Climate Roulette

How will America’s biodiversity hotspot — the state of California — fare as the climate changes? Not great, according to a new paper in the peer-reviewed online journal PLoS One. Its findings have implications for plant conservation that are guaranteed to raise a few eyebrows. 

The paper was the buzz among botanists at the annual conference of the American Public Garden Association in Pasadena a couple of weeks ago. California’s diverse and distinctive flora faces a potential “collapse,” David Ackerly, an ecologist at UC Berkeley and the senior author of the paper, told the LA Times. “As the climate changes, many of these plants will have no place to go.” 

California has roughly a quarter of all native plant species in the U.S. Forty percent of the state’s native plants, or 2,387 species, are found nowhere else in the world, from the towering coast redwoods to the tiny Laguna Beach dudleya.
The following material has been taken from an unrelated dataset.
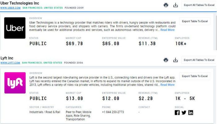 Following the impact of the #Uber and #Lyft IPOs? With AlphaSense entity pages, you can view and export all company financial data with one simple ticker search: https://bit.ly/2W3oMnZ pic.twitter.com/lI5Q3y3adz
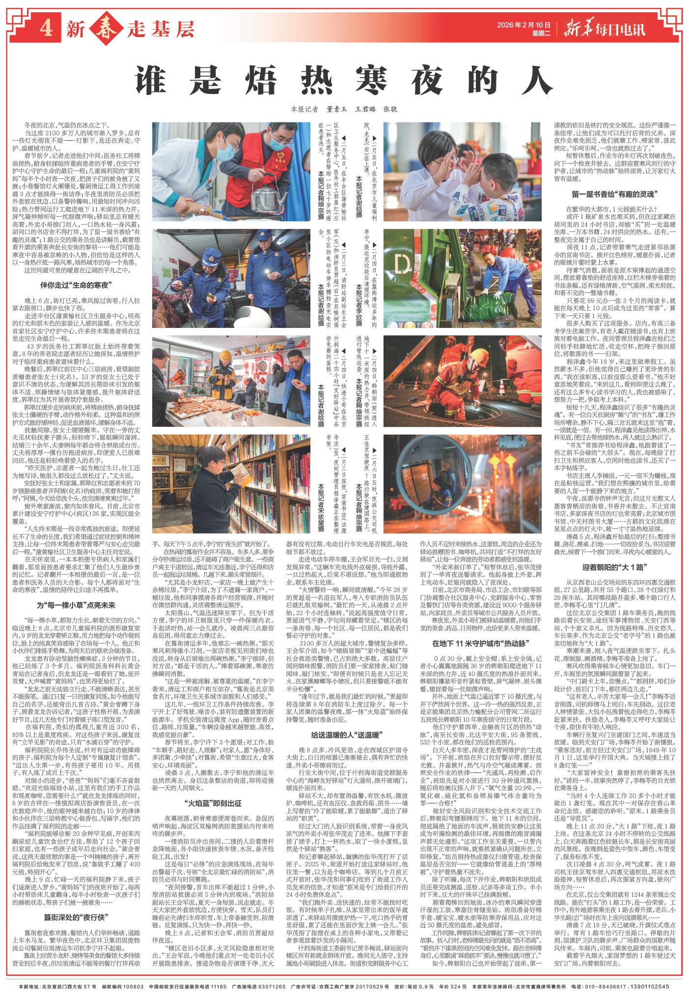 春节前夕,记者走进他们中间:医务社工将精油搓热,俯身轻揉临终重病患者的手臂,在安宁疗护中心守护生命的最后一程;儿童福利院的“黄妈妈”每半个小时查一次夜,把孩子们的被角掖了又掖;小巷餐馆灯火阑珊处,餐厨清运工得工作到凌晨3点才能换得一街洁净;冬夜里消防员必须把外套放在枕边,以备警铃骤响,用最短时间冲向凶险;热力管网运行工爬进地下11米深的热力井,屏气凝神倾听每一丝细微声响;驿站里总有暖光亮着,外卖小哥推门而入,一口热水祛一身风霜;胡同口的书店舍不得打烊,为了留一屋书香给“有趣的灵魂”;1路公交的乘务员也是讲解员,载着想看升旗的乘客奔赴长安街的黎明……他们可能是寒夜中容易被忽略的小人物,但恰恰是这样的人以一身热汗抵一路风寒,焐热城市的每一个角落。

Under the worst-case scenario examined in the paper, 66 percent of all species unique to California would suffer more than an 80 percent decrease in range. 

In a hundred years, the Golden State could look a lot different than it does today. Because California has such varied terrain, climate change could cause species to move in different directions. Most plants, including the redwoods, will be forced to shift northwards and towards the coast. But in the Cascade Ranges and the Sierra Nevada, species seeking higher elevations will have to move south. Plants of Northern Baja will migrate into San Diego County, while the Central Valley could become the preferred habitat for plants of the Sonoran Desert. And what about Orange County and LA? According to another one of the authors quoted in the Times, they could become a land of “desert plants similar to those in Nevada and Arizona, but more likely unpleasant agricultural weeds.” And this all assumes the plants will be able to migrate — no easy task, given that many will have to leapfrog the endless housing subdivisions, freeways, and other development that have tattered their habitats.
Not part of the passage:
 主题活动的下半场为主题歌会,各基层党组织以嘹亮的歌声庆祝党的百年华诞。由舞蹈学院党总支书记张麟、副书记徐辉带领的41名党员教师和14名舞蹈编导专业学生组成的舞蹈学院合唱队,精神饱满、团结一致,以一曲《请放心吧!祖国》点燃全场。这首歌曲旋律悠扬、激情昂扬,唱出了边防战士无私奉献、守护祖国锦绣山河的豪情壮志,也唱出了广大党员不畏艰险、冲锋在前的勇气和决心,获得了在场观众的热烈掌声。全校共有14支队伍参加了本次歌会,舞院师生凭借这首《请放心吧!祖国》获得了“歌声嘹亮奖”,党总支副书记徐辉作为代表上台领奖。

The authors advocate measures that would make plant conservation, already a difficult undertaking, even more complicated. For example, they favor efforts to preserve areas where species at risk from climate change are most likely to persist in the future. Most controversial of all, they suggest that “species dispersal” — also known as assisted migration, in which humans move other species to cooler places — will be essential to maintain biodiversity.